Литмир - Электронная Библиотека

Сказала и подумала: а и в самом деле, как там сложится? Война же. Всяко кого-то убьют или покалечат. Если кого из сельчан, не дай Бог, тьфу-тьфу… ведь жалко. Тётка Настя вон как о своём печётся. Или Кольшу, недотёпу этого. Шварёнок… Неужто и впрямь по-настоящему?

Подскочила Татьяна, повисла на шее.

– Марусь, – зашептала жарко, – а Санька сказал, что мне тоже ёлку прибьёт, – и, помолчав, добавила. – Когда забирать станут… Я тут вот что подумала: провожать-то как его будем? Гармонистов больше не осталось.

Какие гармонисты? Маруся опешила: одних проводить не успели, она уж других в путь снаряжает.

– Тебе что, песен захотелось?
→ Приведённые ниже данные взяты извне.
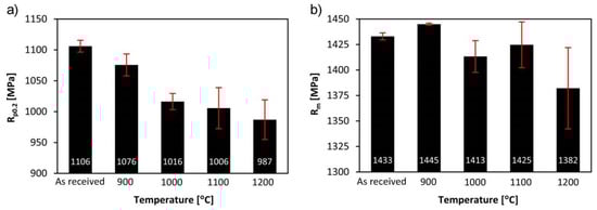 Tensile strength (a) and yield strength (b) of tested steel in the as-received state and after different austenitizing temperatures.
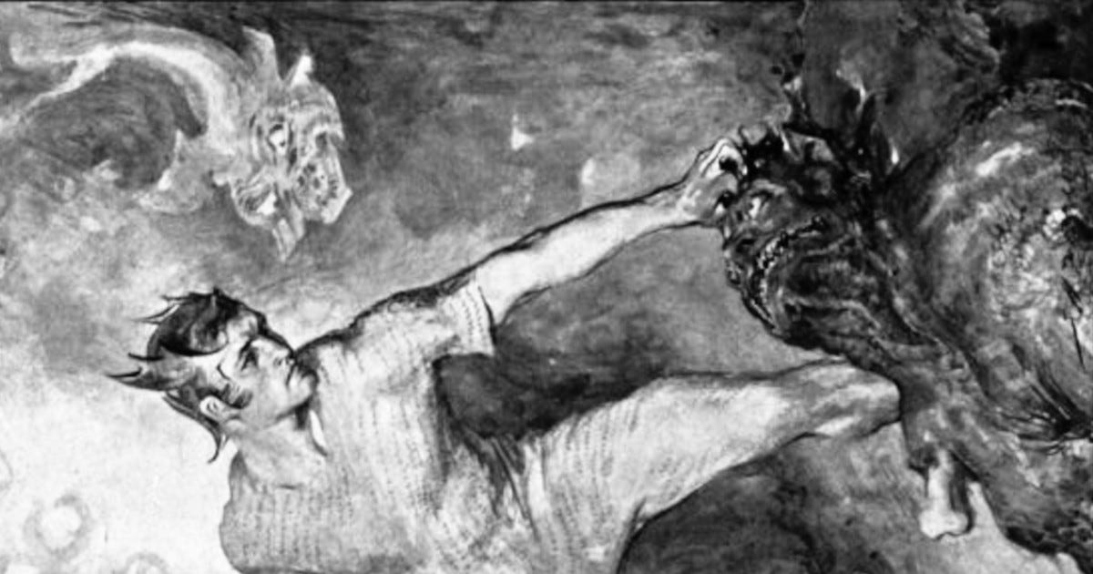J. H. F. Bacon, Beowulf shears off the head of Grendel (~1910); public domain via Project Gutenberg; modified
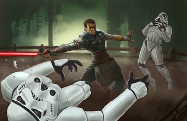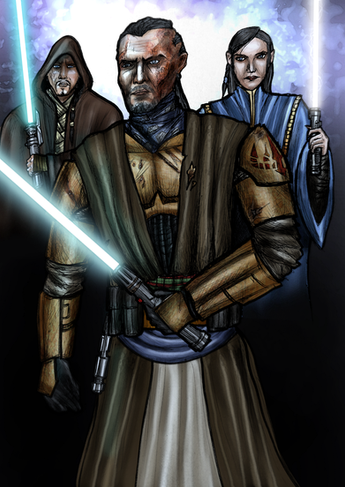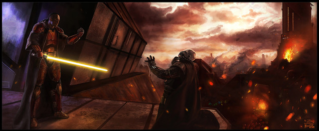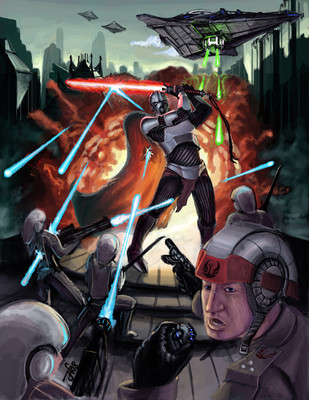 another force unleashed picture yaay, this one took a little longer than my usual pictures... im not sure how much.. but i spanned it across a couple days.its the apprentice on Raxux Prime with his second outfit.. i forget what its called, but its one of my favorite looks for him. he's also pushing the Scrap Gaurdians. i didnt have a good refrence picture so their not perfect. also im still working on my backgrounds so you gotta bear with me lol.
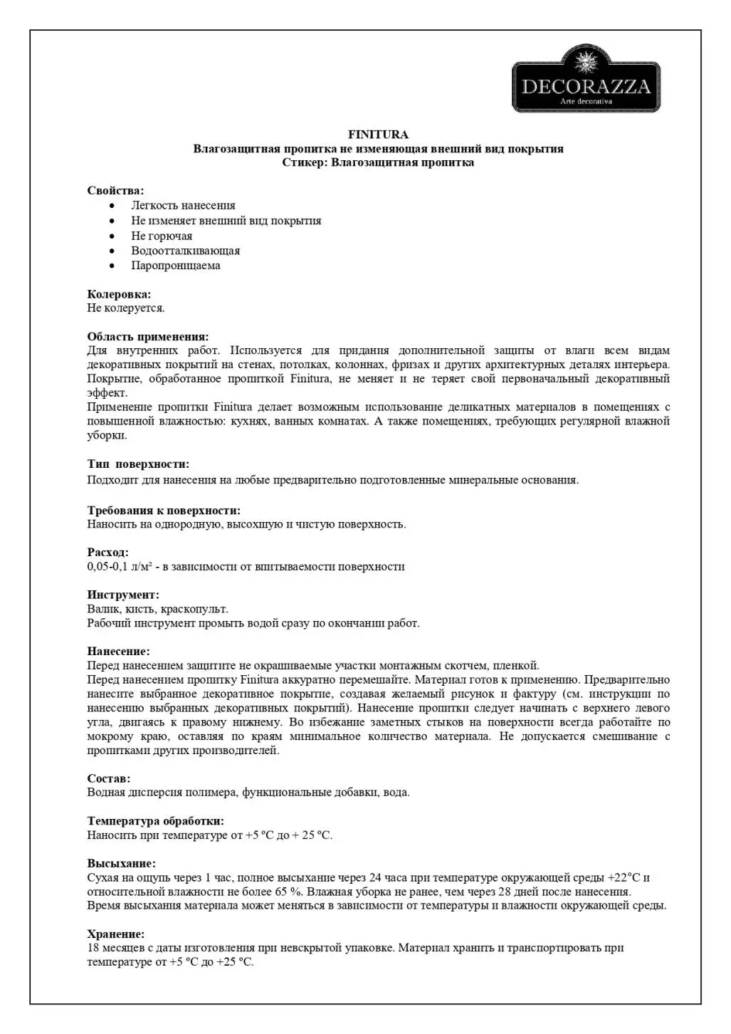 Водозащитная пропитка Finitura разработана специалистами компании Decorazza специально для помещений с повышенной влажностью. Она подходит для всех декоративных покрытий одноименного производителя, но может использоваться и для других материалов. Благодаря FINITURA использование таких деликатных материалов, как шёлк, в местах, требующих регулярной влажной уборки стало возможным. Теперь можно не переживать за долговечность декора в помещениях с повышенной влажностью, например, ванных комнатах, кухнях, подвалах или складах. Благодаря отсутствию запаха пропитка от влаги Финитура пригодна к использованию в замкнутых помещениях.

Так на ложках себе подыграй.

– Я ж взаправду…

– Так и я не вру. Знаешь, иди-ка ты лучше воды в баню натаскай. Глядишь, дурь всякая в голову боле не полезет.

Татьяна надула щёки, убежала. Обиделась. Но обида тут не к месту, время песен да гуляний прошло, ныне о другом думать надо.

– …всех мужиков позабирают, – услышала Маруся, и следом, будто украдкой, тихий голос старой Ёнихи:

– На Светлояр, бабы, идите. Кто вкруг Светлояра трижды на коленях оползёт, у тех мужики непременно вернутся. Правду говорю. Не оставит Господь их милостью своею, убережёт и от пули, и от лиха человеческого, и от недуга тяжёлого.

– Врёшь, – мотнул головой Большаков. – Ты этот… как его… опий. Опий ты. Шла прочь…

Но его остудили.

– Сам бы ты шёл, Василий. Надулся самогону. Слова путного вымолвить не можешь.

– Так на ём бронь, ему война побоку.

– Да не, ему Манька Ходова ходу дала, вот он и злыдится.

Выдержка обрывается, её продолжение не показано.